Figure 1. The potential pathway by which the ketogenic diet modulates inflammasome activity: ketones such as BHB inhibit Drp-1 recruitment, thereby diminishing inflammation and boosting the brain’s recovery capacity to

A MOuNT SINAI

the ketogenic diet. Ever since then, he discussed the health outcomes he saw first-hand as a result of anti-inflammatory measures taken. “People aren’t dying at the rate they were towards the beginning of the year, the reason primarily being both a low-carbohydrate diet and steroid administration. As a result, that inflammatory surge is happening a lot less. The overall mortality rate is far lower than it was in February and March.” Despite not evaluating these patients’ health outcomes and their recovery capacity, his

decision to employ a carbohydrate restrictive tube feed on intubated COVID-19 patients was a testament to the therapeutic and widespread value of implementing the ketogenic diet, both in practice and as a preventative measure.

ADAPTATION

While this diet presents benefits including reduced low-grade chronic inflammation associated with a host of proinflammatory diseases, weight loss, boosted mental clarity, etc., many individuals have cited negative outcomes, including initial irritability and low sustainability in the long-term. In addition to having to adapt to the new coronavirus era, people would be forced to adapt to the new challenges and experiences that the ketogenic diet brings. “When people are in a stressful environment, they tend to not go to the unfamiliar. It’s a little hard to get people to think out of the box in crisis mode”, said the physician I spoke to. However, a study from UCSF shows that even slight restriction, not just complete ketosis, can positively affect the gut microbiome, so some of the effects of the diet can be conferred quite quickly. This evidence explains that even in a short duration of employing the ketogenic diet, some of its anti-inflammatory benefits can be reaped quickly, eliminating any adaption or commitment to the diet that people would otherwise find to be unsustainable. While restrictive ketogenic diets can be employed to severely ill coronavirus patients who present otherwise few options for treatment, the data show that some of the conferred benefits are obtained rapidly and have a lasting impact on patient outcomes.
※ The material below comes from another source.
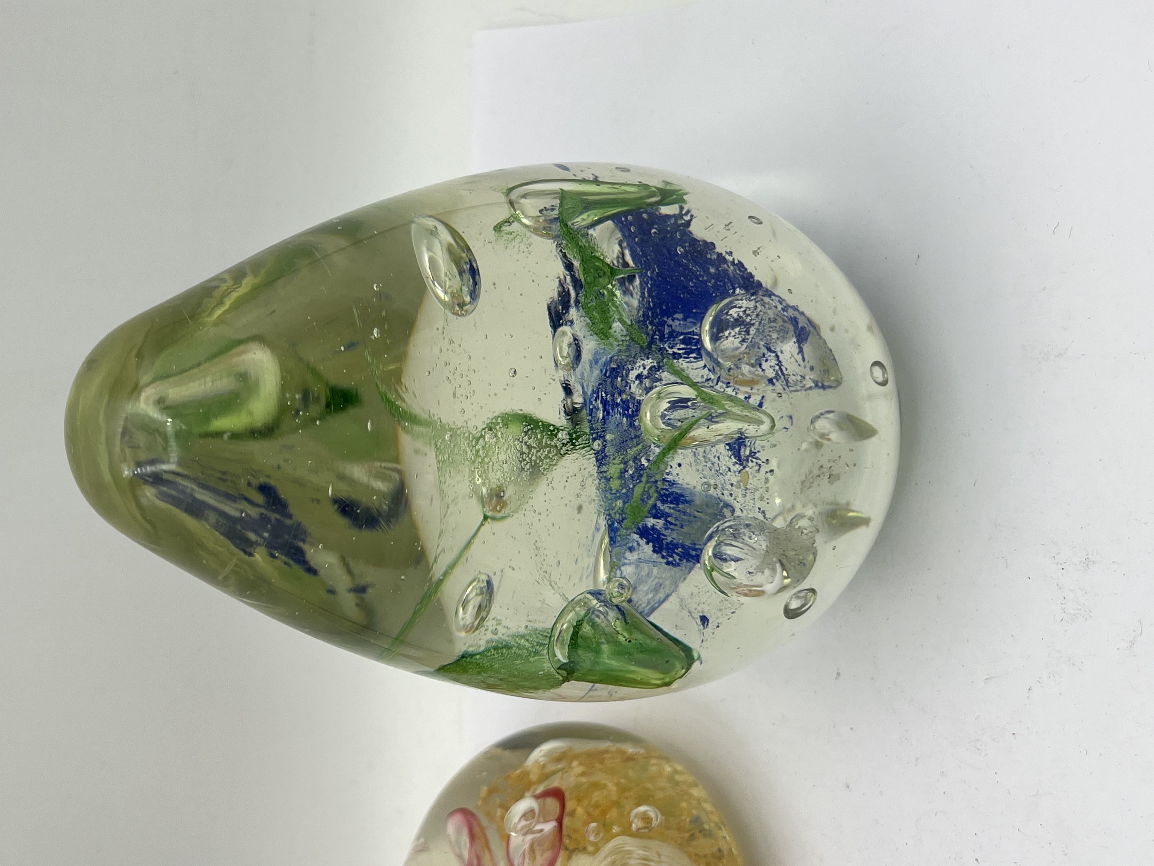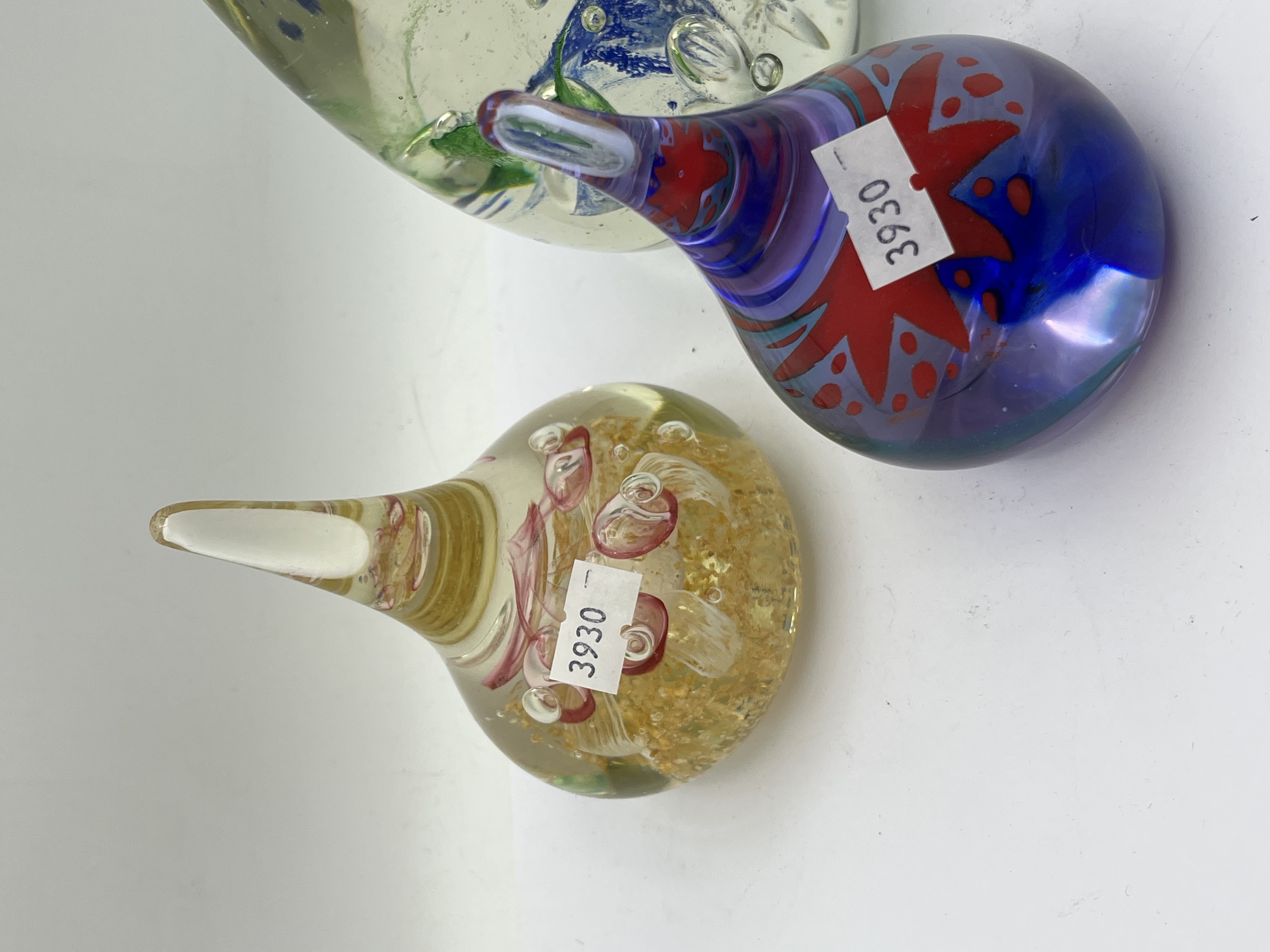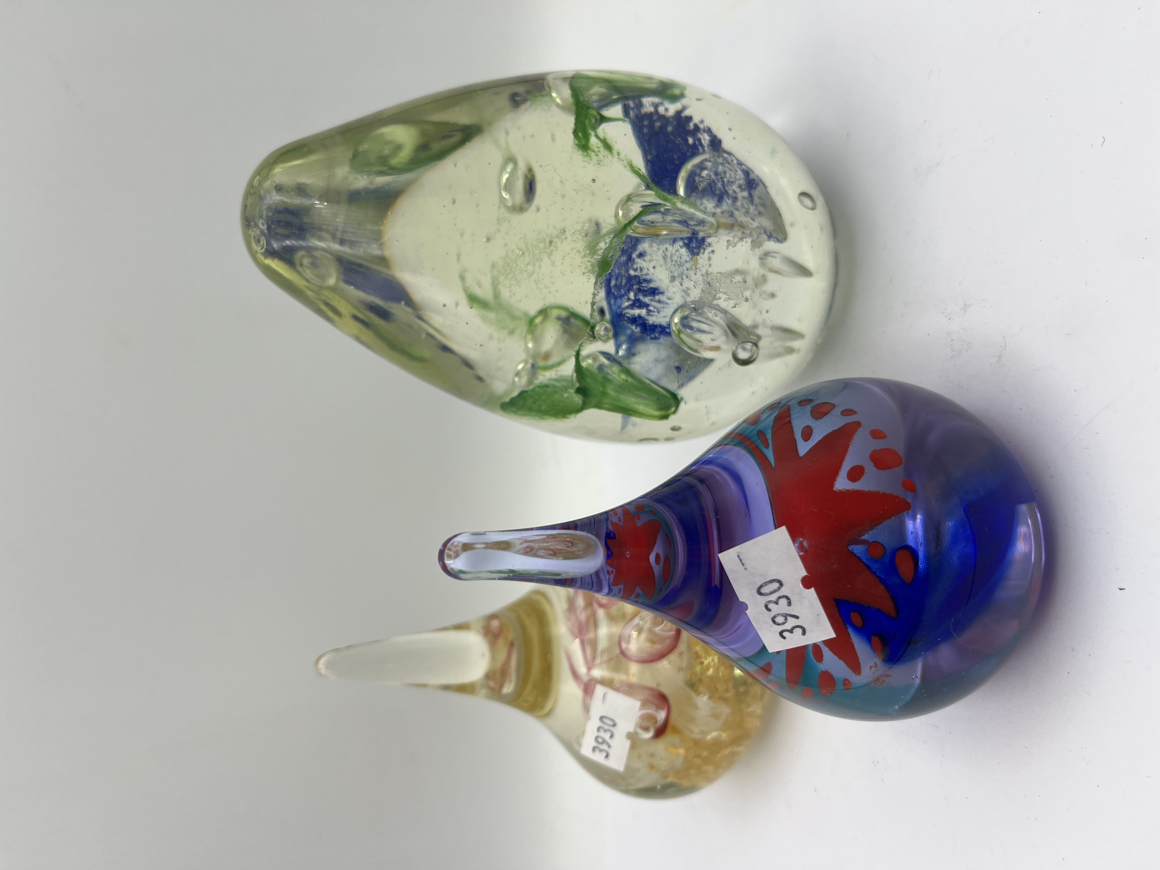 A group of three contemporary art glass paperweights. The two smaller teardrop-shaped paperweights, consistent with designs attributed to Adam Jablonski, feature pointed finials. One contains internal gold-colored flakes and red swirls within clear glass, and the other is predominantly blue with internal red abstract starburst patterns. Both bear white rectangular stickers marked “3930.” The third, larger ovoid-shaped paperweight is clear glass with abstract internal green and blue organic forms and trapped air bubbles.

Understanding the comorbidity of disease with the coronavirus has remained an elucidating point for future treatment. In understanding how the ketogenic diet has improved COVID-19 patient outcomes, we create the opportunity to not only better understand the mechanisms by which COVID-19 spreads and is transmitted, but also to shed light on potential therapeutic approaches to other proinflammatory diseases, and how we can take preventative measures to mitigate risk of these diseases. Despite the broader positive implications of ketogenic diet employment, there is still more to learn about the coronavirus. With so much currently unclear, further studies are warranted to analyze the comorbidity of coronavirus and inflammatory diseases.